Clonal Hematopoiesis of Indeterminate Potential (CHIP) arises from somatic mutations occurring in hematopoietic stem cells (HSCs) and is linked to myeloid and lymphoid malignancies and increased inflammatory disorders such as atherosclerosis. TET2 mutations, associated with increased inflammation, are among the most frequent in CHIP and play a key role in the development of cardiovascular disease. Macrophages, a central regulator of the innate immune response and inflammation, play a key role in the immune dysfunction seen in CHIP. Phagocytosis contributes to increased pro-inflammatory cytokine production and is a critical homeostatic mechanism in tissues. Dysfunctional phagocytosis is often associated with cardiovascular disease and other inflammatory disorders (Rauch et al., Nature Cardiovascular Research 2023; Jan, Ebert and Jaiswal., Seminars in Hematology 2017). However, it is unclear whether macrophage phagocytosis is dysfunctional in TET2 CHIP-mediated inflammation.

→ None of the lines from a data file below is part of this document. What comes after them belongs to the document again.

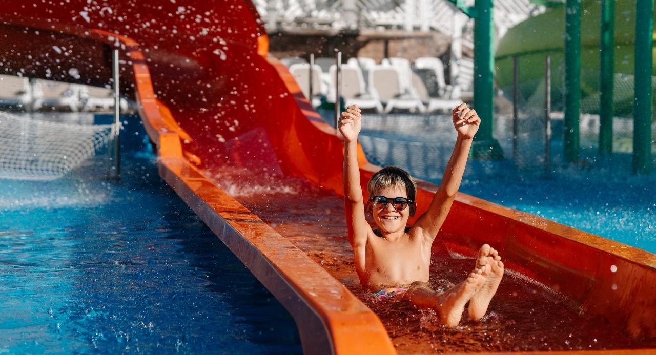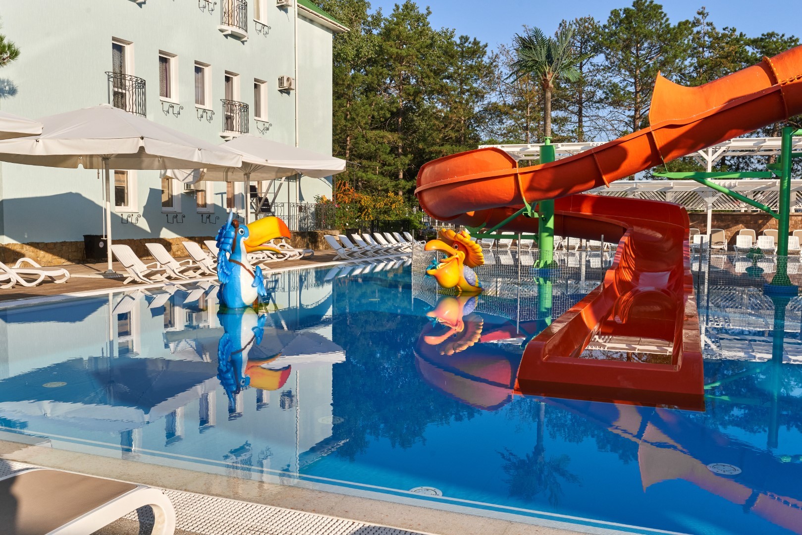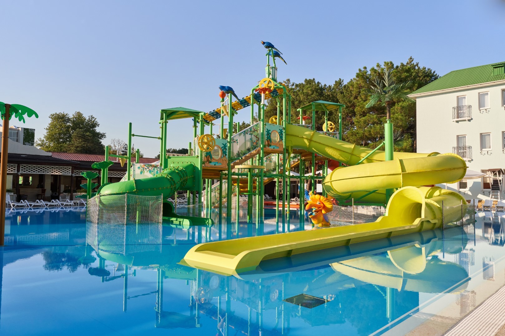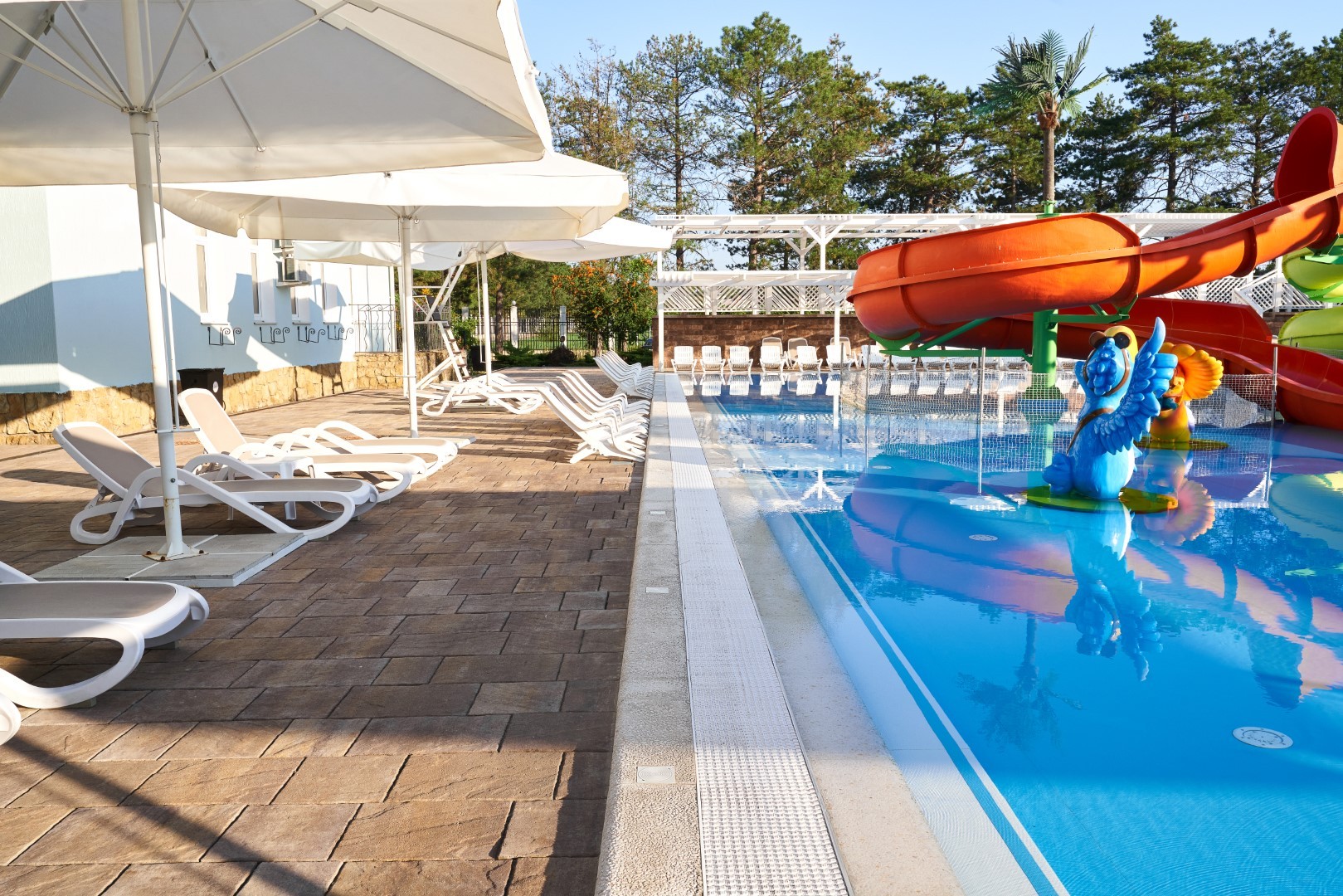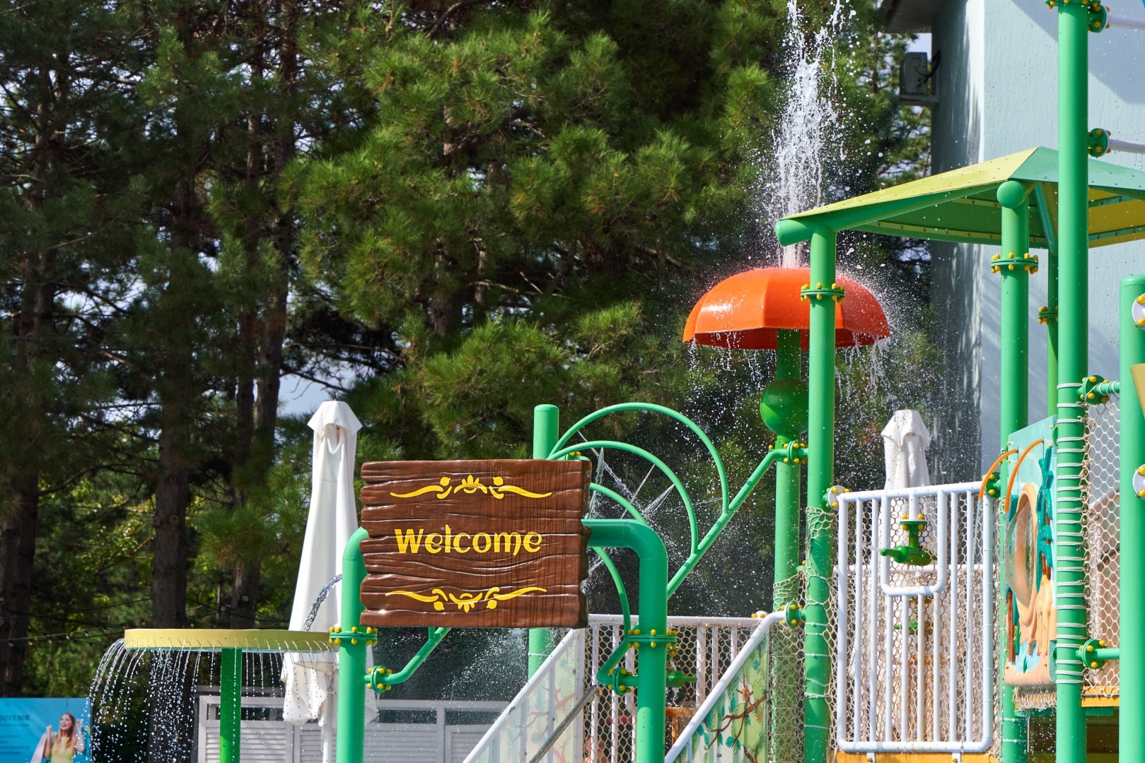 При благоприятных погодных условиях для детей работает новый акваплей - открытый подогреваемый детский бассейн с водными аттракционами 6+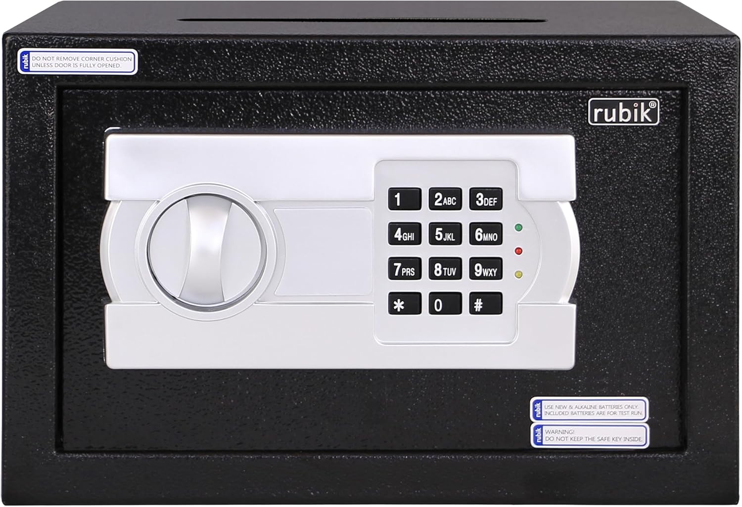 The Rubik RB20EG-T Drop Slot Safety Box features a convenient top deposit (drop-in) slot, allowing users to deposit documents or cash bills securely without opening the safe (also known as a depository safe). Designed for compact spaces, this model is equipped with an electronic digital lock, emergency override keys, and a 0.43 cubic feet (approx. 12.2 liters) internal capacity.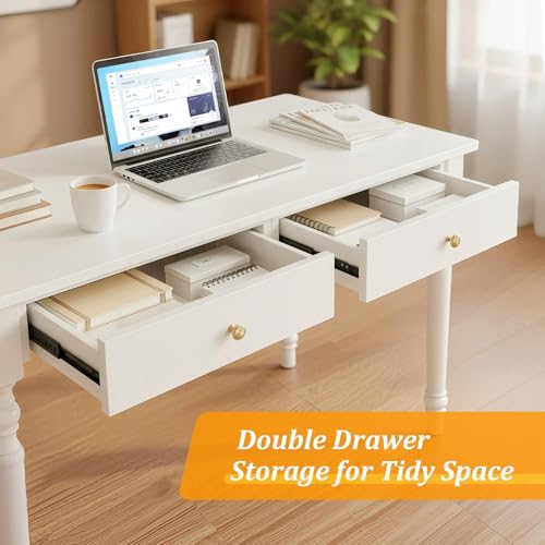 CARATTERISTICHE: Legno massello e durevolezza: realizzata in legno massello di alta qualità, con gambe in stile romano e telaio rinforzato, questa scrivania offre stabilità e durevolezza eccezionali, perfetta for l’uso quotidiano in ufficio o nello studio. Ampia scrivania, cassetti portaoggetti, facile montaggio ed estetica decorativa.

Using Tet2 fl/fl x Vav-Cre mice to model CHIP (referred to as Tet2 KO), we revealed that Tet2 KO bone marrow derived macrophages (BMDMs) exhibit altered phagocytic capabilities, which may play a role in the inflammatory conditions associated with CHIP. Using murine BMDMs, we demonstrated that when compared to WT macrophages, Tet2 KO macrophages increased expression of CD206. CD206, a known pattern recognition receptor, is a marker of M2 polarized macrophages and increased phagocytic competency (Schulz et al., Nature Scientific Reports 2019). This increase of CD206+ macrophages in Tet2 KO murine BMDMs has also been linked to atherosclerosis (Rauch et al., Nature Cardiovascular Research 2023).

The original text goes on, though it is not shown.